• _PROBLEM DESCRIPTION_:
Pictures are not part of the copy; repeat everything else in the records exactly.
★ ★ ★ ★
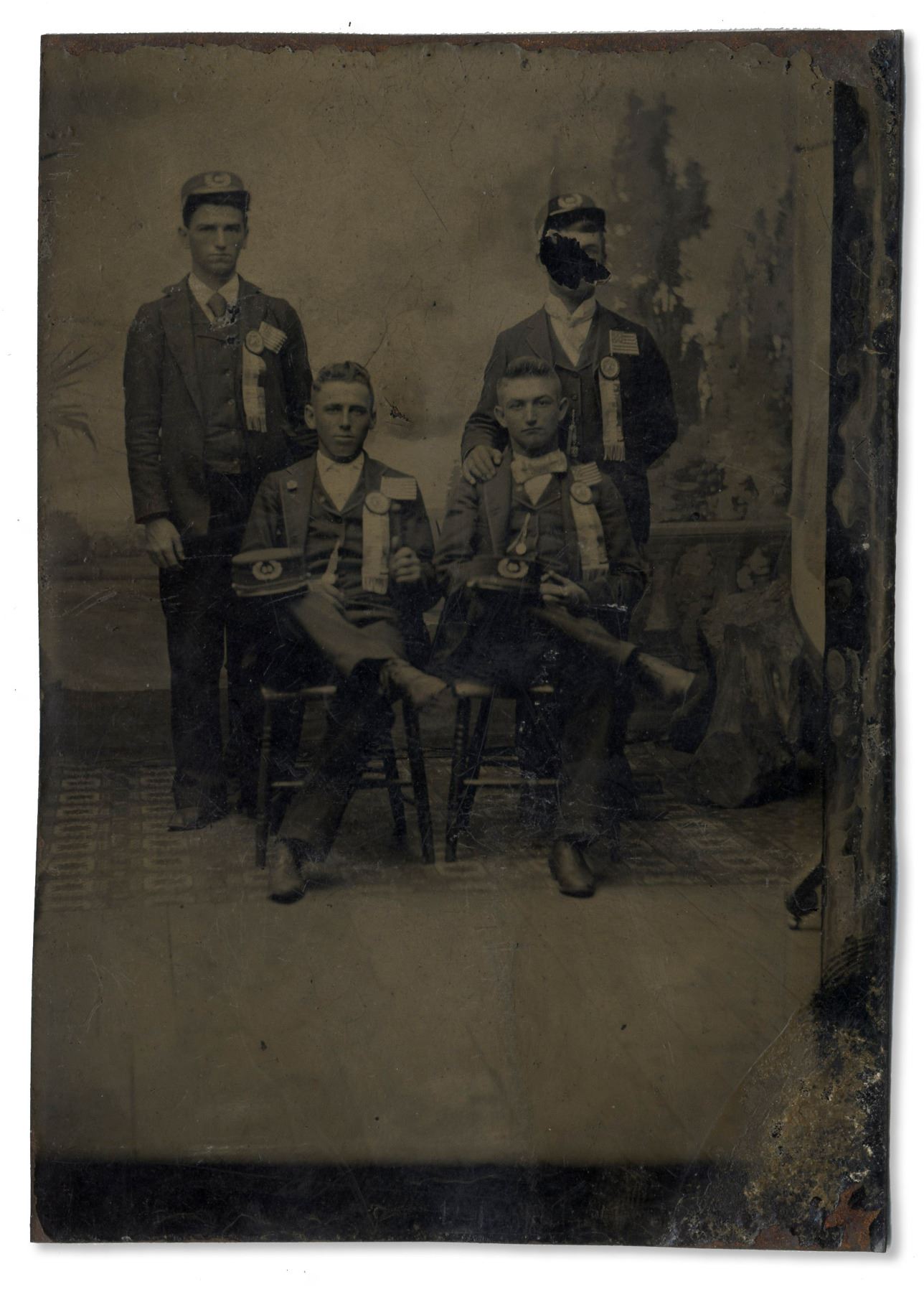 Civil War tintype of four Union soldiers, two seated crosslegged, two standing. The men are not in uniform, indicating this is likely a postwar image. One of the seated men holds up a flag emblem with 13 stripes but only seven stars in the field, suggesting the men may be citizens of Maryland, the seventh state to join the Union. The ribbons on their lapels indicate that they are likely at a G.A.R. reunion. Image measures 2.75'' x 3.75''. Surface damage obscures the face of one standing soldier. Overall, good condition.
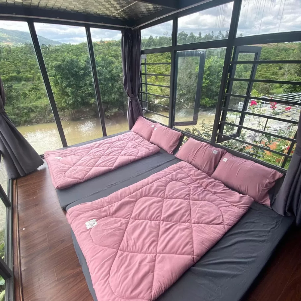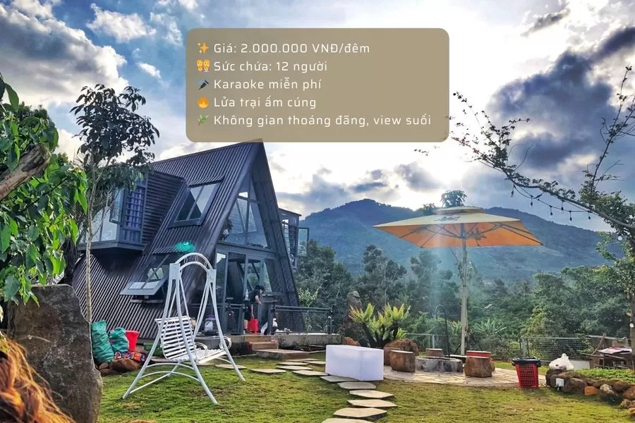 Nhà Kính Homestay mang đến không gian nghỉ dưỡng lý tưởng với thiết kế hiện đại, thoáng đãng và gần gũi thiên nhiên. Với giá 2 triệu đồng mỗi đêm, căn nhà có sức chứa lên đến 12 người, phù hợp cho các nhóm bạn bè hoặc gia đình muốn tận hưởng kỳ nghỉ thoải mái. Đặc biệt, homestay cung cấp dịch vụ karaoke miễn phí, giúp bạn có những phút giây thư giãn trọn vẹn. Khu vực lửa trại ấm cúng cùng không gian xanh mát bên suối tạo nên trải nghiệm đáng nhớ. Liên hệ ngay để đặt chỗ và tận hưởng kỳ nghỉ tuyệt vời tại Bảo Lộc.
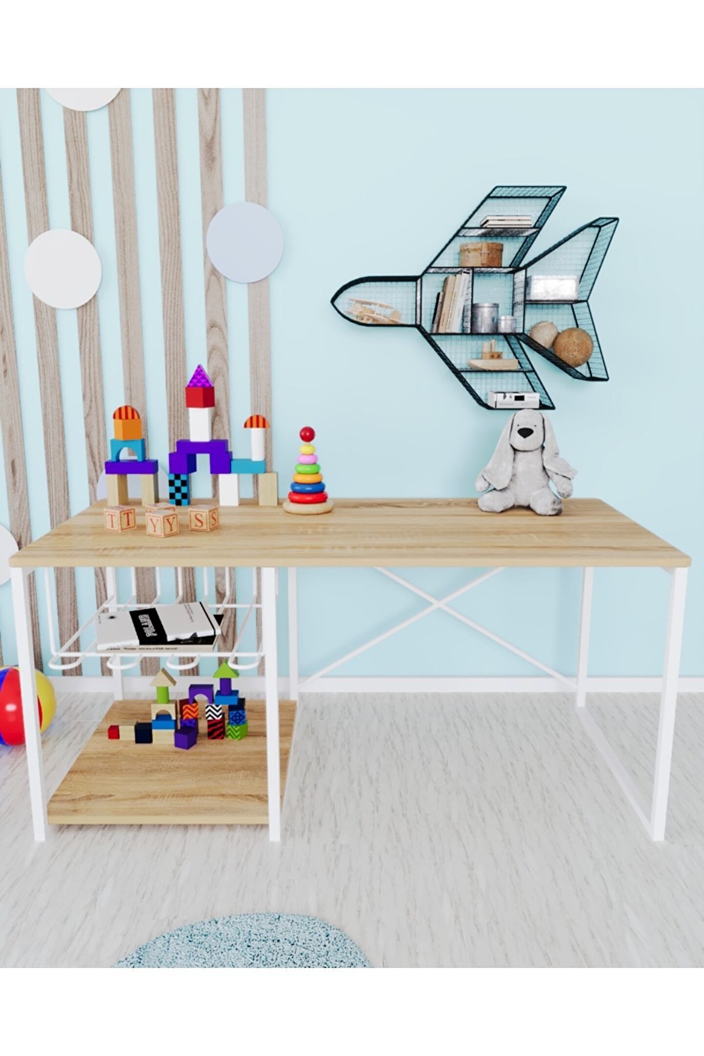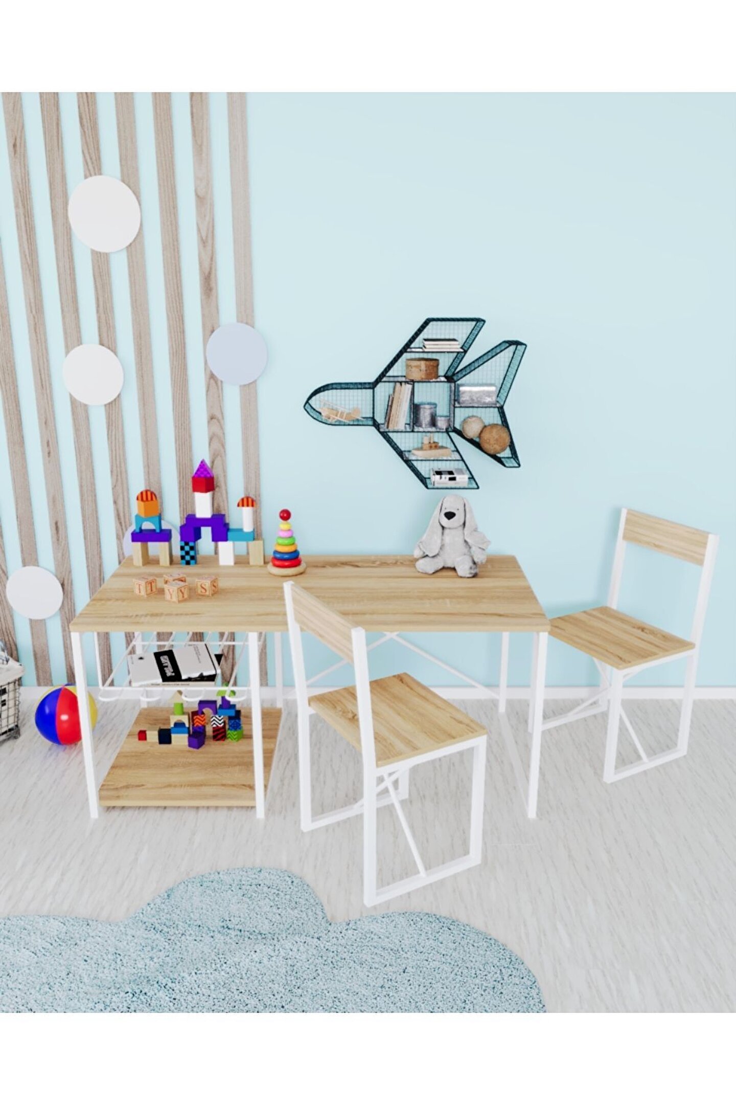 Çocuk Çalışma Masası Ve Sandalyesi Oyun Etkinlik Aktivite Masası Çocuklarınız ile birlikte çalışma yapabileceğiniz masa ve sandalye takımı. ; Malzeme: 12 mm 1. Kalite MDF ve 15*15 metal profil ayaklar. ; Paket içeriği: 1 adet masa 2 Adet sandalye, 1 adet tel raf. ; Masa ölçüleri: yükseklik: 40 cm, uzunluk: 90 cm, genişlik: 45 cm Sandalye ölçüleri: oturma alanı yüksekliği 28 cm, uzunluk 27 cm, genişlik: 24 cm, yerden sırt yüksekliği 50 cm .MDF yapısı, metal ayaklar sayesinde uzun yıllar kullanım sağlar. ; Ayakların altında bulunan plastik pabuçlar sayesinde zemine zarar vermez. ;
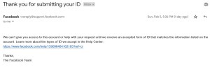 14 days since you saw me there… or something like that. Facebook disabled my account. No warning. They say they need an Identification. Which I provided to them. Once, twice, thrice… more than that, actually. Multiple IDs, multiple times. All of them rejected.
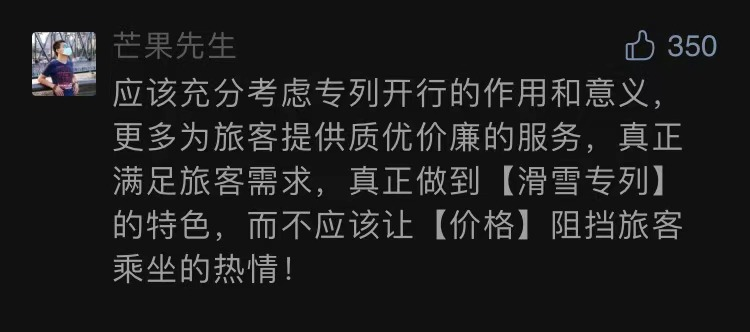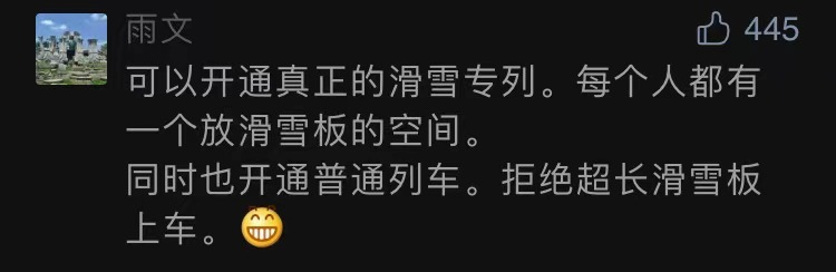 也有网友提出,毕竟是“滑雪专列”,应该考虑滑雪爱好者的需求,设计更加科学的车厢空间,出台更加合理的携带规定。
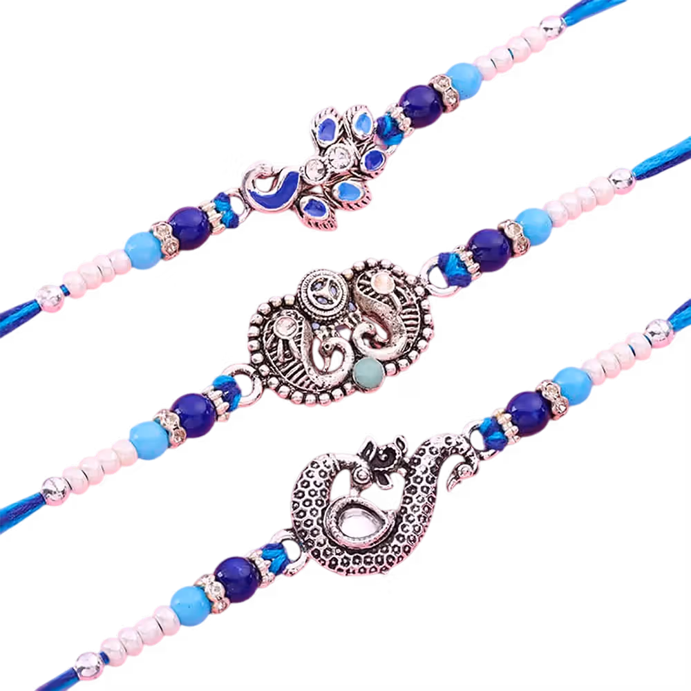 Premium silver-toned traditional designs, handcrafted with vibrant beads and threads, elegant festive accessory for siblings
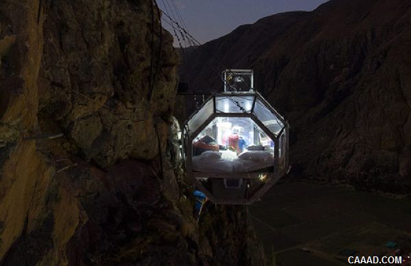 据中国酒店设计网报道,近日,秘鲁一家名叫自然天际的酒店别出心裁得建在了悬崖边上,该酒店包括三间胶囊型玻璃房,通过绳索悬挂在半空,共能容纳8人。想要住在这家酒店可不容易,房客需要先乘索道,再经过一番攀爬,达到120米高的玻璃房,因此有国外媒体将其称为世界最刺激的酒店。
★ ★ ★ ★
• _YOUR RESPONSE_:
 Civil War tintype of four Union soldiers, two seated crosslegged, two standing. The men are not in uniform, indicating this is likely a postwar image. One of the seated men holds up a flag emblem with 13 stripes but only seven stars in the field, suggesting the men may be citizens of Maryland, the seventh state to join the Union. The ribbons on their lapels indicate that they are likely at a G.A.R. reunion. Image measures 2.75'' x 3.75''. Surface damage obscures the face of one standing soldier. Overall, good condition.
 Nhà Kính Homestay mang đến không gian nghỉ dưỡng lý tưởng với thiết kế hiện đại, thoáng đãng và gần gũi thiên nhiên. Với giá 2 triệu đồng mỗi đêm, căn nhà có sức chứa lên đến 12 người, phù hợp cho các nhóm bạn bè hoặc gia đình muốn tận hưởng kỳ nghỉ thoải mái. Đặc biệt, homestay cung cấp dịch vụ karaoke miễn phí, giúp bạn có những phút giây thư giãn trọn vẹn. Khu vực lửa trại ấm cúng cùng không gian xanh mát bên suối tạo nên trải nghiệm đáng nhớ. Liên hệ ngay để đặt chỗ và tận hưởng kỳ nghỉ tuyệt vời tại Bảo Lộc.
 Çocuk Çalışma Masası Ve Sandalyesi Oyun Etkinlik Aktivite Masası Çocuklarınız ile birlikte çalışma yapabileceğiniz masa ve sandalye takımı. ; Malzeme: 12 mm 1. Kalite MDF ve 15*15 metal profil ayaklar. ; Paket içeriği: 1 adet masa 2 Adet sandalye, 1 adet tel raf. ; Masa ölçüleri: yükseklik: 40 cm, uzunluk: 90 cm, genişlik: 45 cm Sandalye ölçüleri: oturma alanı yüksekliği 28 cm, uzunluk 27 cm, genişlik: 24 cm, yerden sırt yüksekliği 50 cm .MDF yapısı, metal ayaklar sayesinde uzun yıllar kullanım sağlar. ; Ayakların altında bulunan plastik pabuçlar sayesinde zemine zarar vermez. ;
 14 days since you saw me there… or something like that. Facebook disabled my account. No warning. They say they need an Identification. Which I provided to them. Once, twice, thrice… more than that, actually. Multiple IDs, multiple times. All of them rejected.
 也有网友提出,毕竟是“滑雪专列”,应该考虑滑雪爱好者的需求,设计更加科学的车厢空间,出台更加合理的携带规定。
 Premium silver-toned traditional designs, handcrafted with vibrant beads and threads, elegant festive accessory for siblings
 据中国酒店设计网报道,近日,秘鲁一家名叫自然天际的酒店别出心裁得建在了悬崖边上,该酒店包括三间胶囊型玻璃房,通过绳索悬挂在半空,共能容纳8人。想要住在这家酒店可不容易,房客需要先乘索道,再经过一番攀爬,达到120米高的玻璃房,因此有国外媒体将其称为世界最刺激的酒店。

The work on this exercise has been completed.